De même, plusieurs espèces de vertébrés rares ou localisés au Maroc ont été signalées dans le cours d'eau d'Oued Tizguite comme la loutre, la truite Fario, le goujon, l'écrevisse à pieds rouges en voie d'extinction, la cistude, le natrix natrix, le cincle et la bergeronnette des ruisseaux.
Le plan d'eau artificiel d'Ifrane situé au cœur du val, juste à la sortie de la cité vers la ville de Fès, a permis l'installation de la foulque à crêtes ainsi qu'une colonie de hérons garde-bœuf.
Soumis à des désagréments permanents, ce beau lac abrite en hiver quelque 200 oiseaux avec surtout du canard colvert et des dizaines de souchets et de foulques macroule et foulques à crêtes.
Oued Tizguite est un cours d'eau classé par arrêté annuel de pêche comme eau classée à salmonidés depuis les sources au pont en bois de Sidi Brahim. Le tronçon des sources jusqu'à la passerelle au niveau de la source Vittel est considéré comme réserve permanente, tandis que le reste de l'oued est ouvert à la pêche.

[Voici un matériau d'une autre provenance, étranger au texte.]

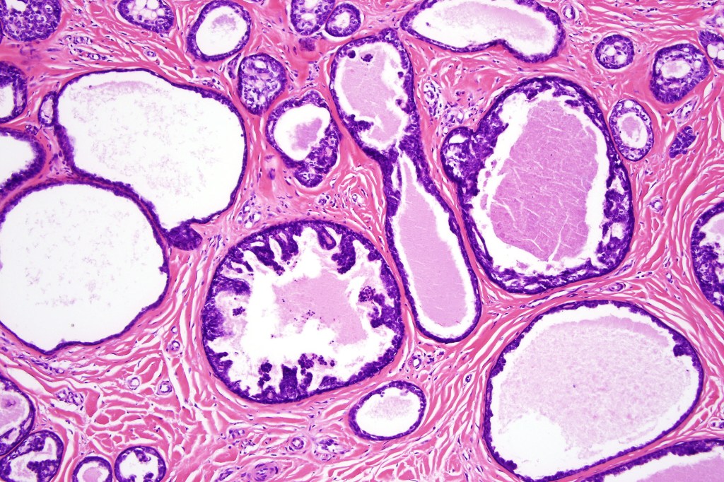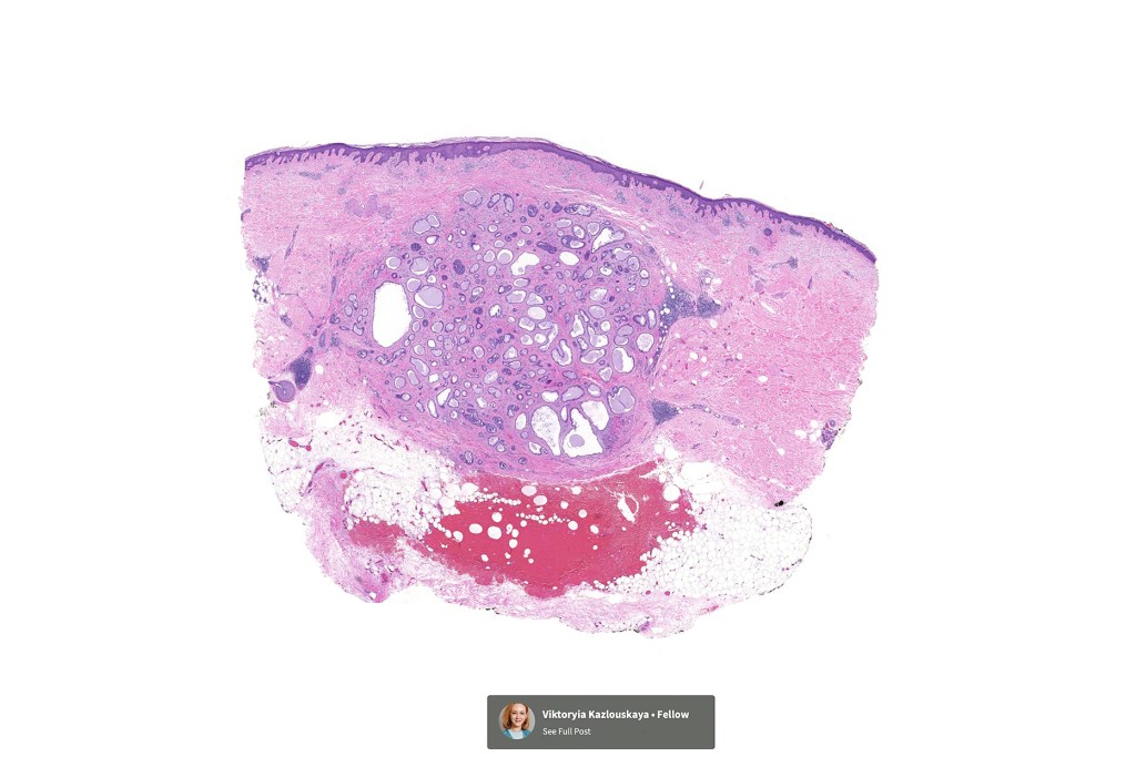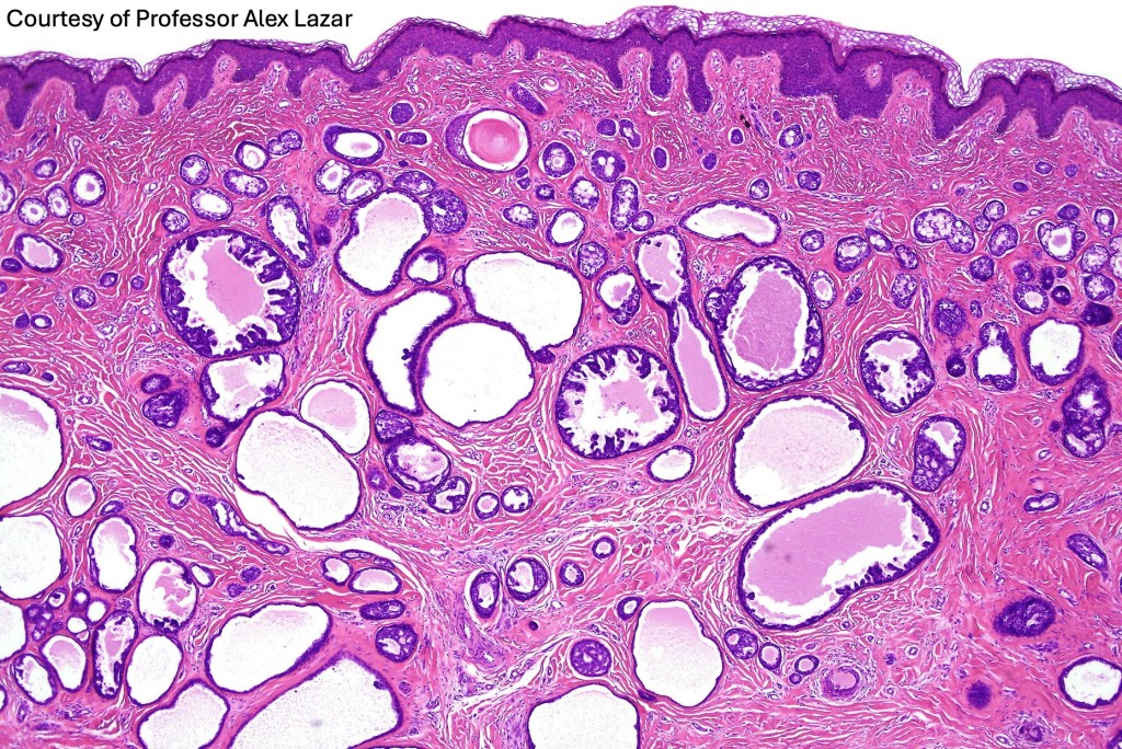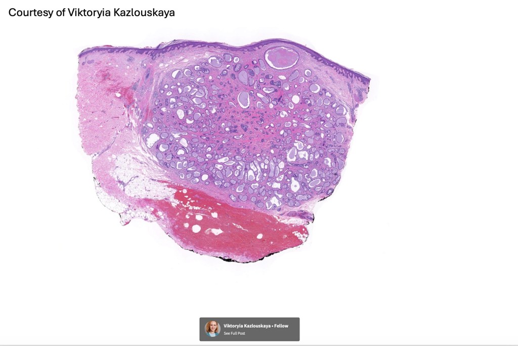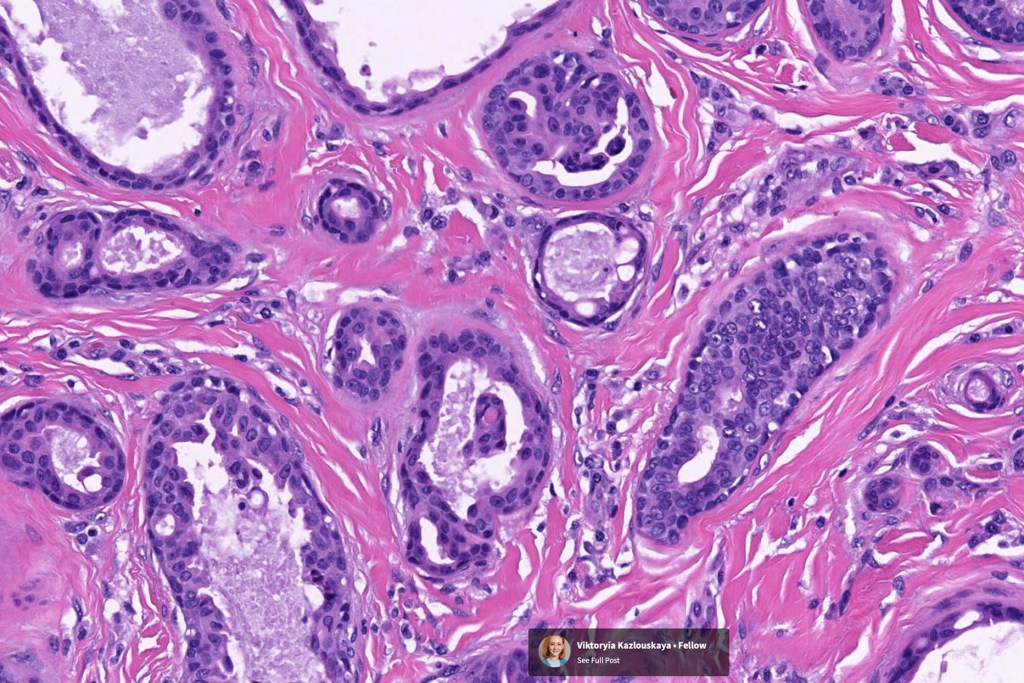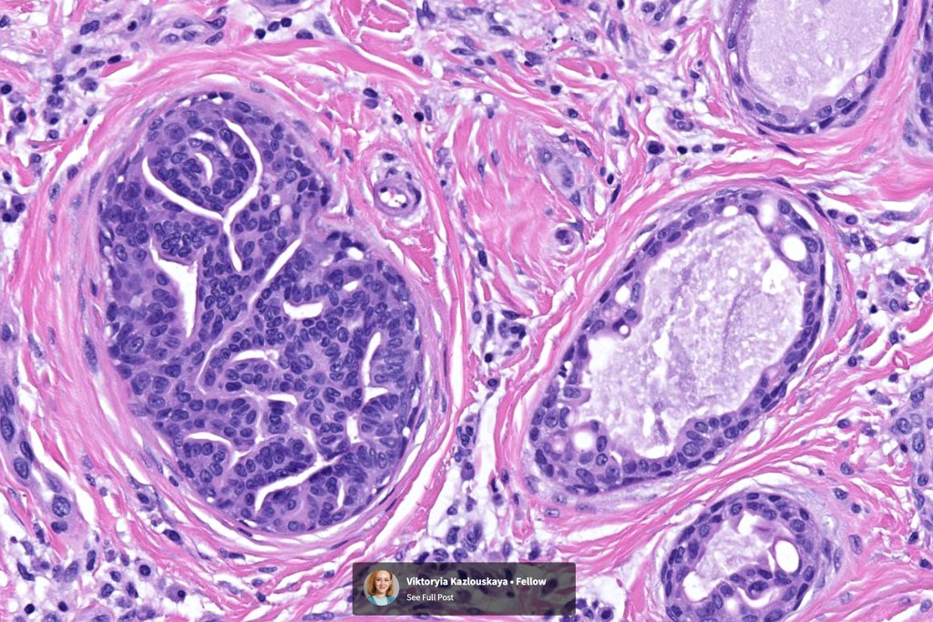 •Circumscribed nodule composed of ducts & cysts embedded in a dense fibrous stroma sometimes associated with lymphoid aggregates/germinal centers
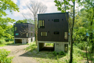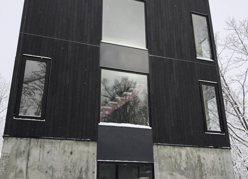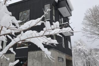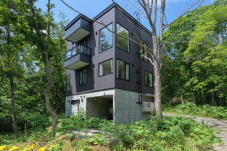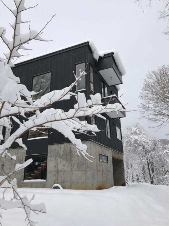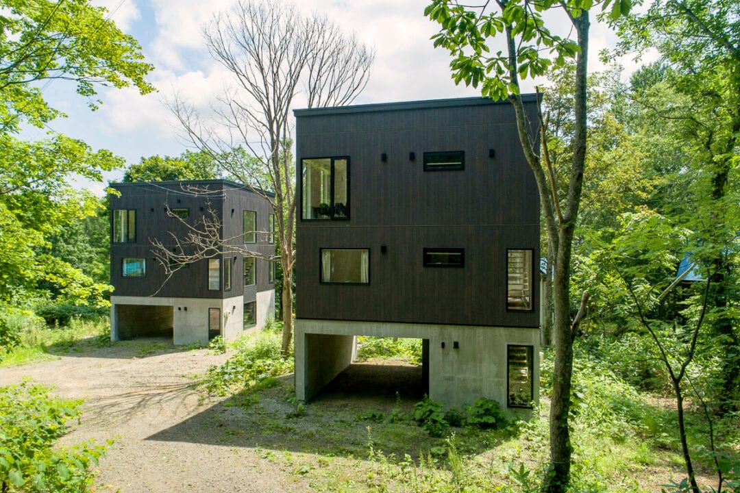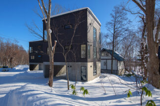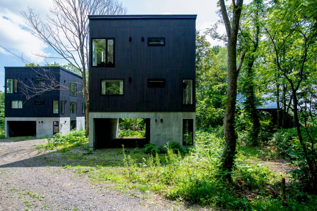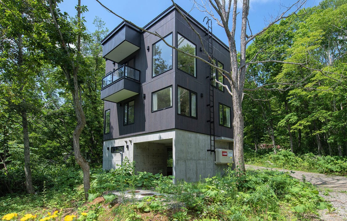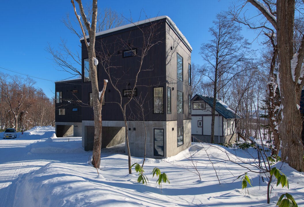 Yuki No Taki 2 utilizes black panel cladding, a nod to shou sugi ban (焼杉板) , the Japanese technique of charring wood, in a cost effective manner.
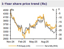 The mgmt’s outlook remains cautiously optimistic for H2, backed by committed customer offtake. The company guided for a pickup in Q4FY26; however, Q3 is expected to remain muted. We build in a low single-digit decline in FY26 (-4% YoY for overall revenues, -8% for CSM exports). The mgmt expects a recovery in the overall agchem market in H2FY26; the current environment, though, remains uncertain, led by macro uncertainties and environmental challenges. PI stayed with its EBITDA margin guidance of 25-27% for FY26, even though H1 margins were higher at ~28%. In H1, contract assets increased by ~Rs4.5bn as the company recorded revenues for the orders that were in place and for which deliveries had been deferred (we believe this was for pyroxasulfone inventory).
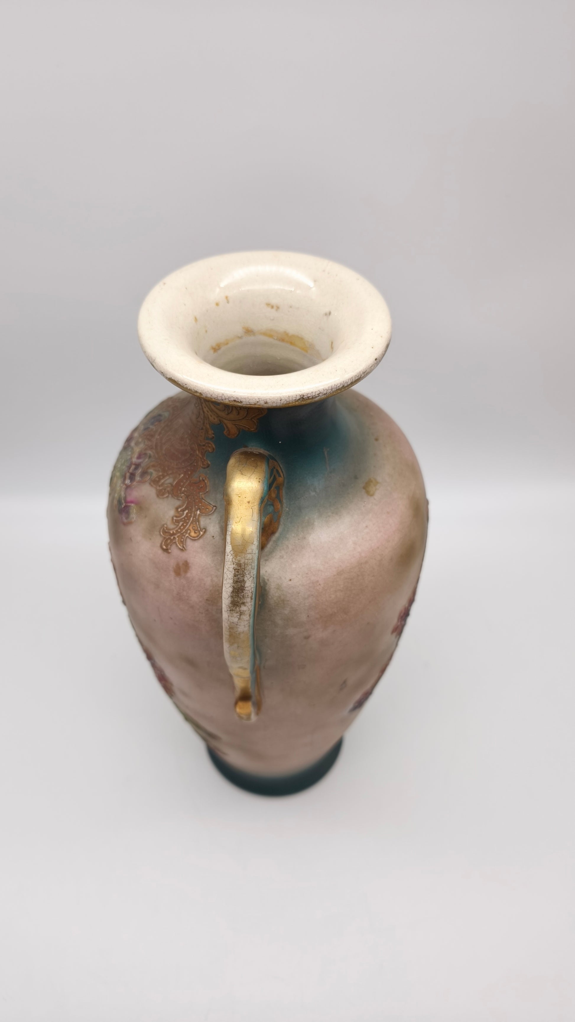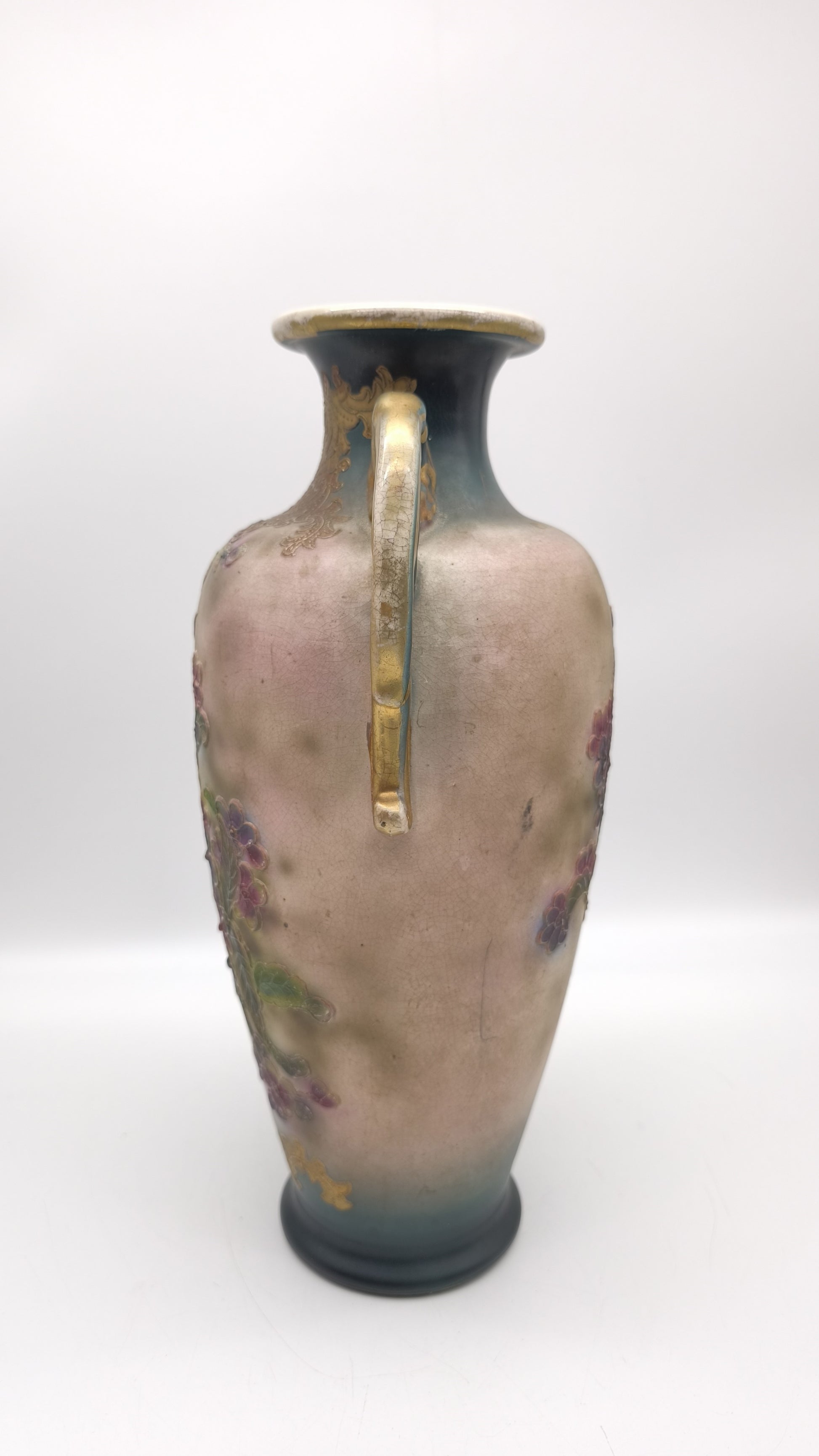 Vaso in ceramica cinese dei primi del '900 con decorazione a motivo floreale, sono presenti due manici
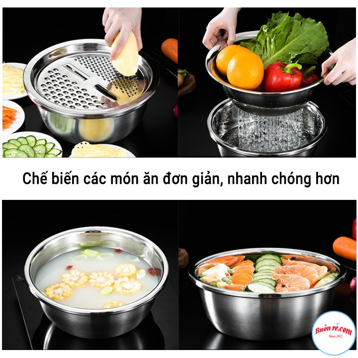 Bộ rổ, chậu kèm nạo rau củ quả inox đa năng 3in1 cao cấp siêu tiện dụng
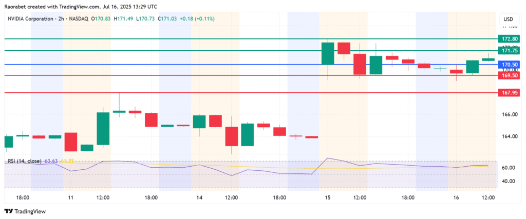 Nvidia stock price pivot mark is at $170.50 and the momentum calls for further upside. With the buyers in control, immediate resistance will likely be at $171.75. However, a stronger momentum will break above that level and potentially test $172.80.
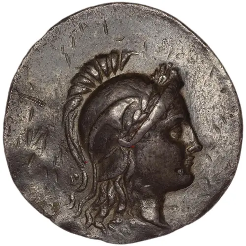 | Obverse description | Head of Athena right, wearing triple-crested Corinthian helmet wreathed with laurel. |
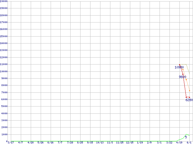 PX-64M3 (64GB,MLC)の価格推移↑前グラフ↓次グラフ(2011年3月17日〜2012年6月1日)※このグラフは過去のデータも税率5%相当に調整した税込み相当額のグラフです。●関連グラフM3 (SSD,6Gbps,2.5インチ,リード520〜510MB/s・ライト360〜175MB/s)の最安値推移●凡例最安値(点線部は販売店未確認または未調査)平均値最高値ショップ数

Le cheptel ichtyo, faune de ce cours d'eau, est constitué essentiellement du Fario Trutta, Barbus nasus, Corhynchus mykiss, Barbus callensis, Astacus astacus et Scadinis erytrophtalmus. Ce cheptel, selon les spécialistes, représente l'un des meilleurs bio-indicateurs de la pollution et permet une valorisation durable de cet écosystème par la pratique rationnelle de la pêche sportive. A propos de ce sport qui est une activité pratiquée à la ligne dans certaines rivières et pièces d'eau, il concerne essentiellement des espèces nobles très recherchées par les pêcheurs telles que la truite, le brochet, le black-bass, la perche et le sandre.
Ce sport malheureusement est en régression dans le Val d'Ifrane comme l'évoque le faible effectif des pêcheurs rencontrés ainsi que le nombre et la faible taille des pièces de poissons pris. Cet état est dû à plusieurs facteurs qui ont fortement contribué à la dégradation des biotopes de cet écosystème.
Ce qui est advenu samedi dernier n'est pas de nature à améliorer la situation. Loin s'en faut. Aussi, l'Association des amis du Val d'Ifrane vient-t-elle de lancer une pétition pour demander aux pouvoirs publics d'assumer leurs responsabilités en la matière.